STATE COMMUNICATIONS AND MEDIA

  1. Twenty years into democracy, the South African government is restructuring communications significantly both through government internal media as well as through entities like the SABC, MDDA, and ICASA. The creation of the ministry of communications inclusive of GCIS, SABC and MDDA, where Information and Communications Technology and Postal Services are run separately must be read signifying the beginning of state propaganda.



  1. A democratic culture must be anchored by freedom of media, just like academic, artistic and religious freedom and independence. The threat is not so much that government runs publications, but its proximity and control over the public broadcaster – the SABC which controls 41.6% of radio audience and 69.3% of television audience in the country.



  1. The SABC is by law meant to broadcast in the interest of the public, and not government or ruling parties. It has editorial independence of both the production of news and other content and has an independent board accountable to parliament. However, the SABC has been compromised under the current government as it lacks a credible board and credible management leadership.



  1. The SABC has in recent history suppressed adverts that are critical of the government during elections, and refuses to offer live coverage of opposition parties’ events. Yet is broadcasts all the major events of the ruling party live in its radio and television platforms.



  1. This hostility of the SABC is a threat to the basic tenets of a democratic practice in a democratic South Africa. It is undoing diversity of views, not only in explicit political content but all content that may be critical of the ruling party. Another example is the closing down of the Big Debate just on the eve of 2014 general elections, which was a popular show that managed to expose the failures of government.
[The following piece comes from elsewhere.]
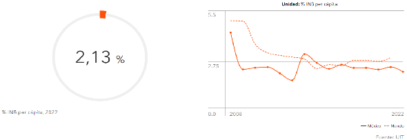 44 Canasta de banda ancha fija de nivel básico. Datos de series temporales combinadas: de 2008 a 2017, la canasta se compone del plan más barato que proporciona al menos 1 GB de datos mensuales de alta velocidad (256 Kbit/s o superior) del operador con mayor cuota de mercado en cada economía. A partir de 2018, la cesta se compone del plan más barato que proporciona al menos 5 GB de datos mensuales de alta velocidad (256 Kbit/s o superior) del operador con mayor cuota de mercado en cada economía. (https://datahub.itu.int/dashboards/umc/indicator/?e=MEX&i=34616), consultado el 05-septiembre-2023.
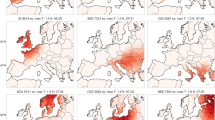 Figure 4b illustrates relevant fields for the land–atmosphere coupling on a larger spatial domain than the regional box over NE France/Belgium considered in Fig. 4a. The areas with significant soil dryness (dots) in the weeks preceding the July HW are in good spatial agreement with subsequent large sensible heat flux positive anomalies (shading) during the build-up of the July HW over NE France/Belgium. Collocated large anomalies of both fields extended over large areas, suggesting land–atmosphere coupling beyond NE France/Belgium, particularly to the south of the region hit by the July HW. This, along with the mean near-surface wind direction observed in the days preceding the July HW, suggests similar processes to those describing the concept of self-propagation21,22. Under the presence of southerly winds, dry air masses in central France warmed by anomalous sensible heat fluxes prior to the July HW were advected further north, likely enhancing remote land–atmosphere feedbacks and local sensible heat fluxes over the box displayed in Fig. 4b. This process arguably contributed to the amplification of the July HW. The circulation analogue exercise conducted further ahead supports these conclusions.

  1. The SABC is further used to mobilise artists and other entertainers during elections to support and publicly promote the ruling party with the threat that their platforms on SABC may be withdrawn.



  1. The SABC as a broadcasting space is therefore shutting down slowly for meaningful democratic contestation and participation. It is deteriorating as the platform of public scrutiny on power and government in particular.
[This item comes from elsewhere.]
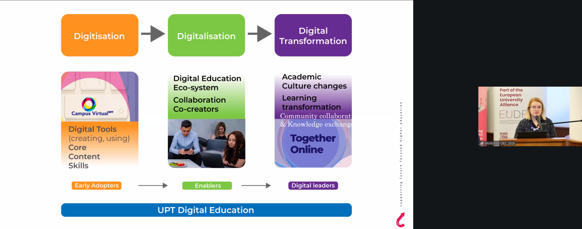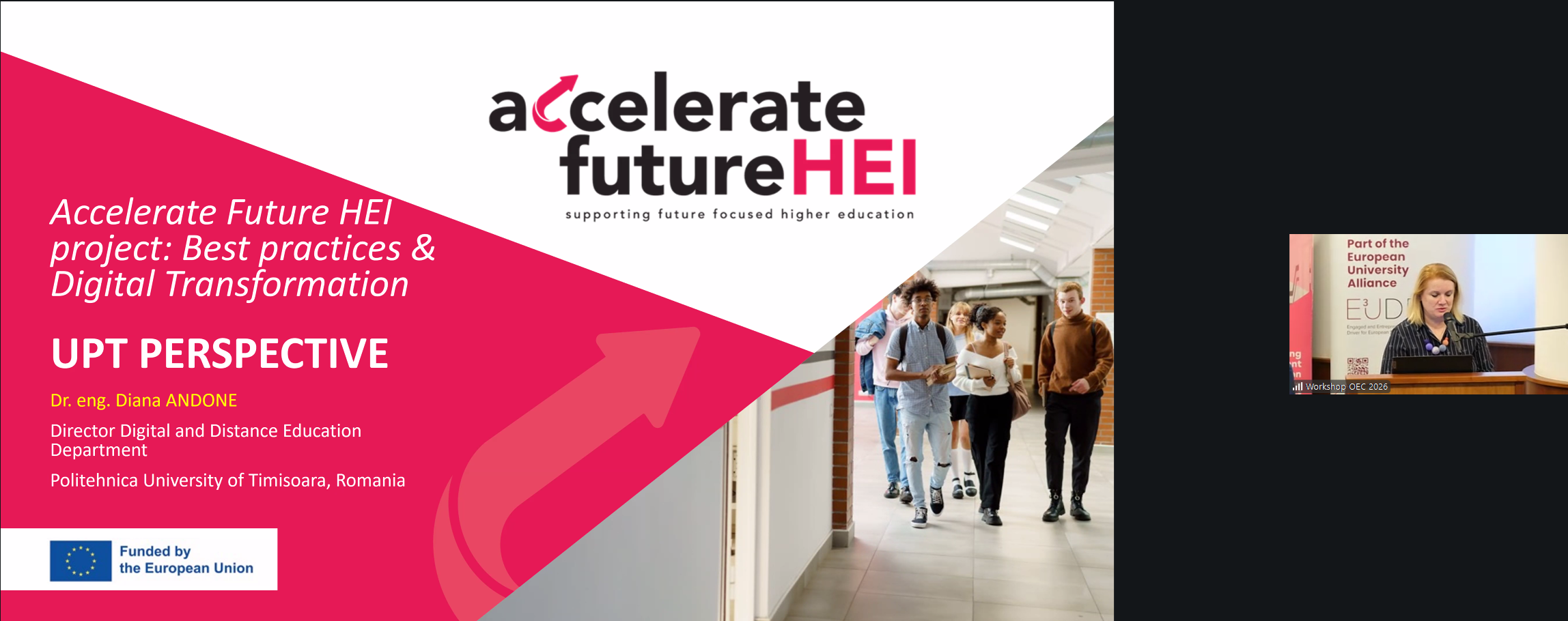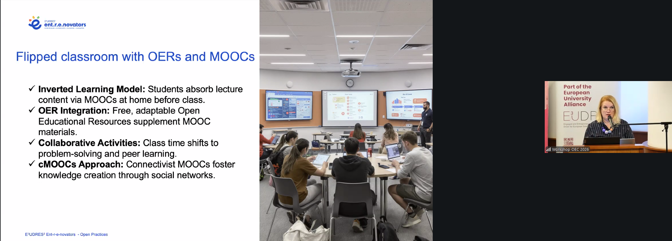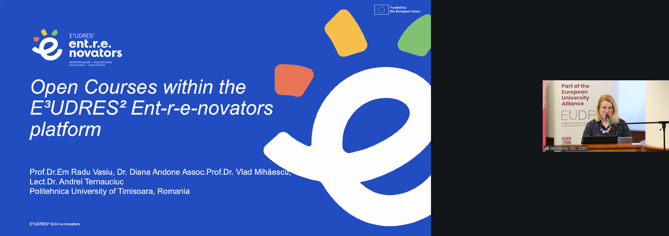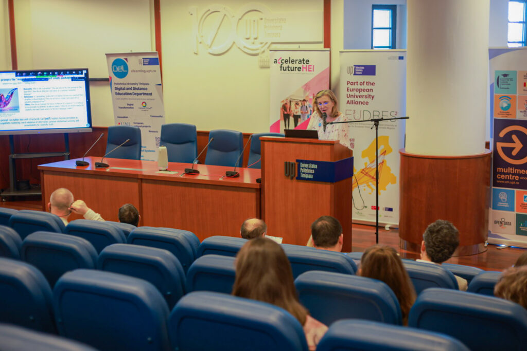 Dr. ing. Diana Andone (UPT) a prezentat, în două sesiuni distincte, proiectul Accelerate Future HEI — cu accent pe transformarea digitală şi cele mai bune practici instituționale — şi cursurile deschise integrate în platforma E³UDRES² Ent-r-e-novators, evidențiind modelul flipped classroom şi recunoaşterea competențelor prin Open Badges.

  1. Government also uses its advertisement muscle to censor the media, both print and broadcast, particularly community radio, television and print. Papers face the possibility of not receiving government advertisement business if they public critical news on the ruling party and related individuals.



  1. There is not clarity on ICASA’s status as a chapter nine institution with the mandate to guard democracy. Although chapter nine of the constitution calls for an independent authority to regulate broadcasting, it does not mandate ICASA and interpretations vary. This makes those who run ICASA entrapped in a schizophrenic situation where they are prone to direct governmental influence.
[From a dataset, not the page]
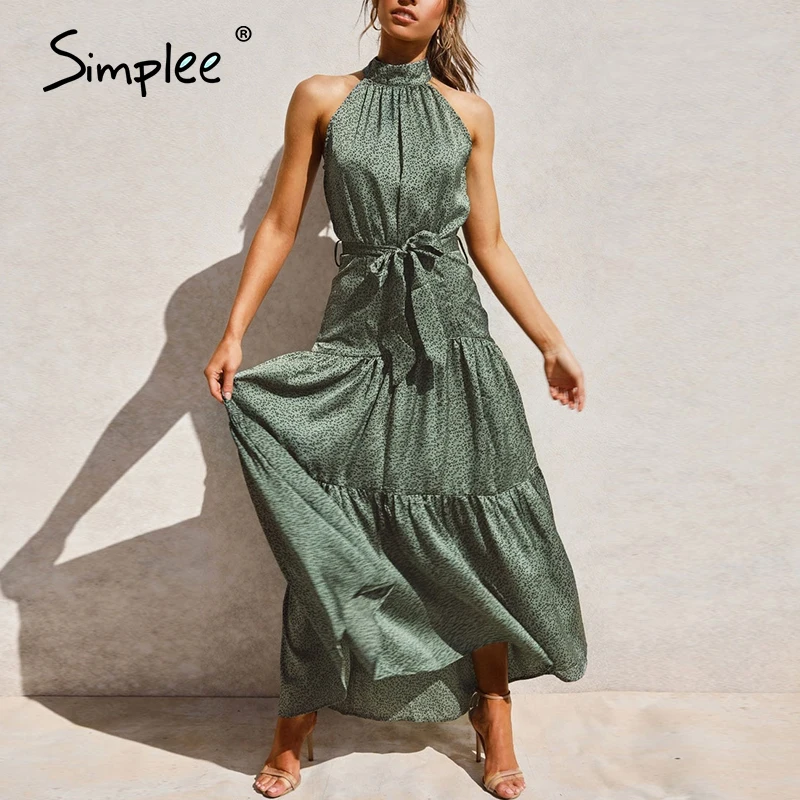 Simplee сексуальное платье без рукавов с бретелькой через шею винтажное Зеленое Длинное Платье Макси праздничное платье Весна Лето Лента для вечеринки элегантное 2020 vestidos

  1. Key to the future of Television in South Africa is the shift towards Digital Terrestrial Television which will allow access to a more efficient use of radio frequency spectrum as well as better quality pictures and sound. This shift in South Africa has seen a multimillion investment initiative that tries to provide successful migration into digital television without excluding the poor where Set-Top-Boxes which facilitate the conversion of digital signal into analogue will be provided for by government for 5 million poor households.



  1. The state is set to spend billions in distribution of these devices through the Post Office and Universal Service and Access Fund. DTT migration must be closely monitored as mistakes in the distribution of Set-Top-Boxes may leave most of poor families without access to broadcasting service once a switch from analogue to digital television is made.